You once again succeeded in making me laugh out loud. That antler package is priceless – the model, the threat, everything. And good call on not doing a Christmas tree. We are regretting the opposite (obviously new parent) decision.
Love the idea of a wooden kitchen. You guys rock as parents! Great present.
We too are forgoing the tree this year because of travel plans but last Sunday we got out some decorations and placed them randomly around the house. One of them is a large stuffed pink pig,in appropriate Christmas attire, who when we bought him a few years ago would oink Jingle Bells when you squeezed him. His oinker has degraded to the point where now he just lets out the occasional oink when he feels like it. But we still love him, he is part of Christmas. I’m sure Trombone will love the kitchen. And cleaning out closets is therapeutic. I’m sure it will lead to another an even funnier posting when you uncover even more forgotten treasures.

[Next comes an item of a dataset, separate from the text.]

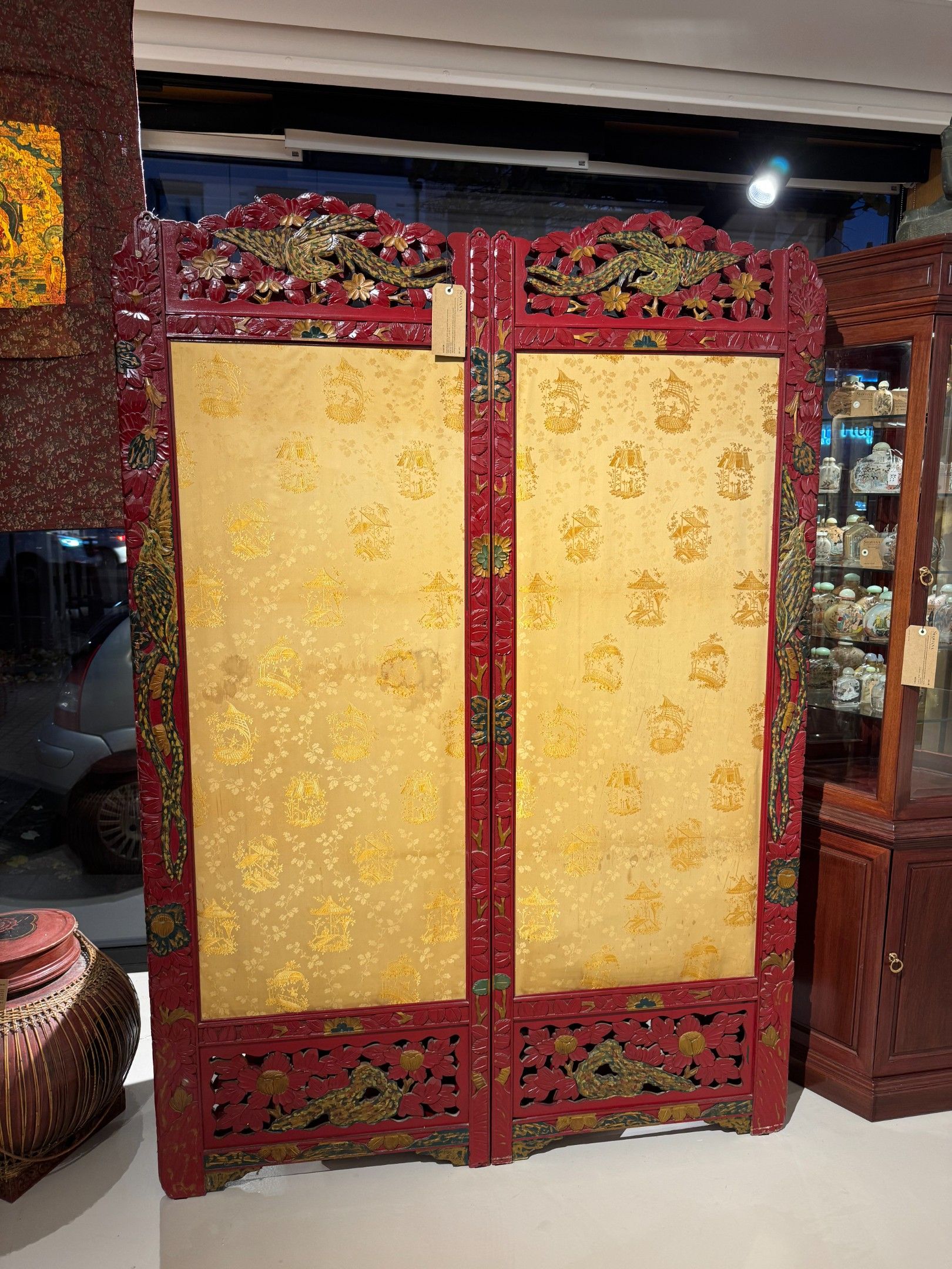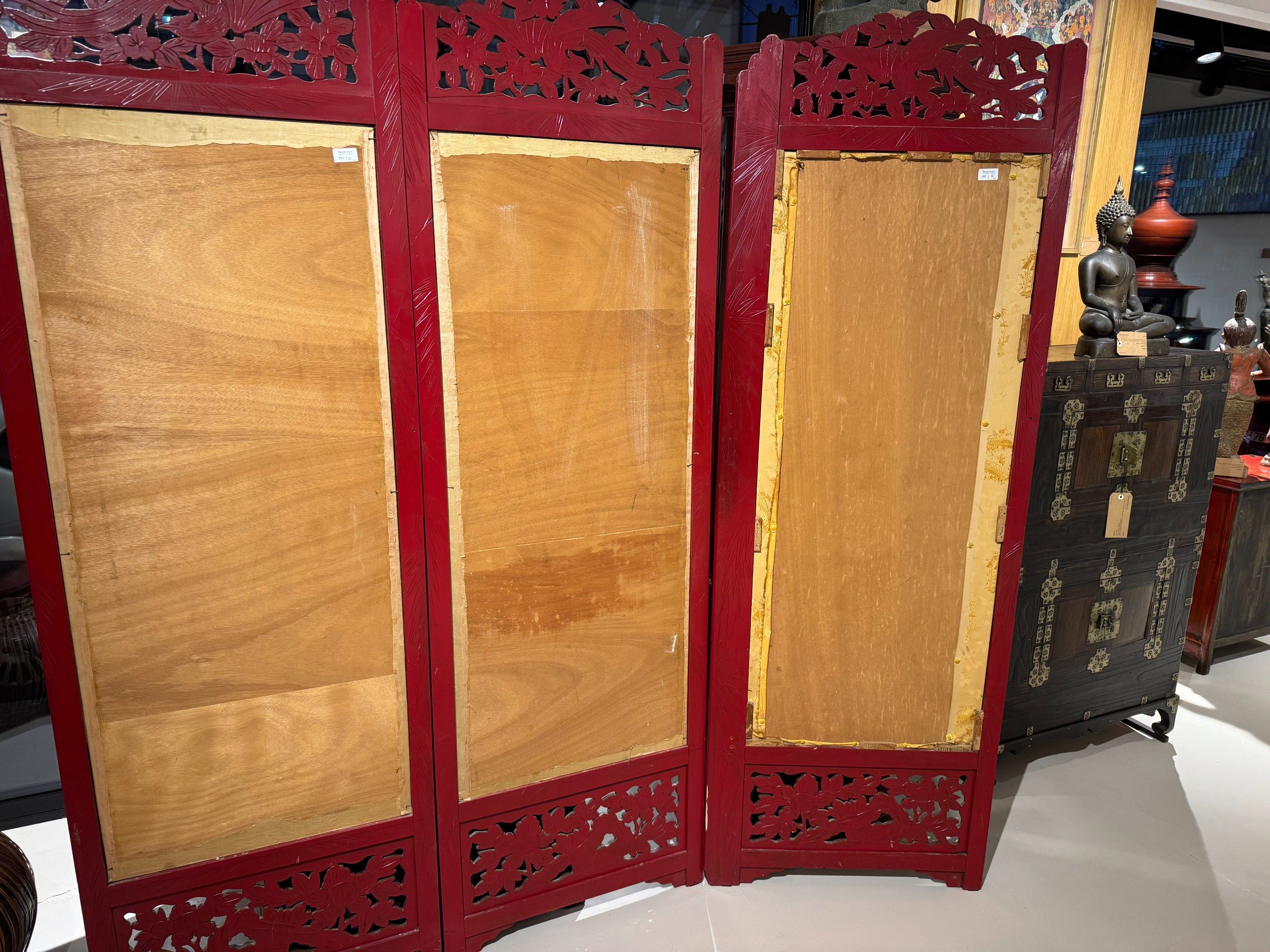 Four-leaf lacquered wood screen with carved and openwork flo…

SA’s Dad saying cleaning out closets is therapeutic is funnier than any of the other comments. When did this happen? What closet? Like he’d know!
I’m wondering…..how are you going to get it OUT of Trombone’s closet and under the tree while he sleeps?
Damn, Julie said what I was thinking. Also, the kitchen will probably get you to think of small gifts for years to come. I hope The Kitchen becomes a family story, like the Millenium Falcon my dad drove to Bellingham in a blizzard for.
Also, those antlers make me think of ancient pagan festivals or bad fantasy novels:”In the dark of the moon, the woods echoed with the soul-bells of those who would be caught by the Devourer of Souls…”
Getting the present under the tree is SANTA’s JOB. Otherwise, no cookies.
Maybe Santa could leave a note in pictogram form that says LOOK IN YOUR CLOSET, BEHIND THE BOXES.
Or…is Trombone old enough for a simple treasure hunt? the first note could lead him to, I don’t know, the kitchen sink, which could lead him to the closet.
You might have to help. If I recall correctly, your kids aren’t too keen to let any of those cookies go Santa-ward.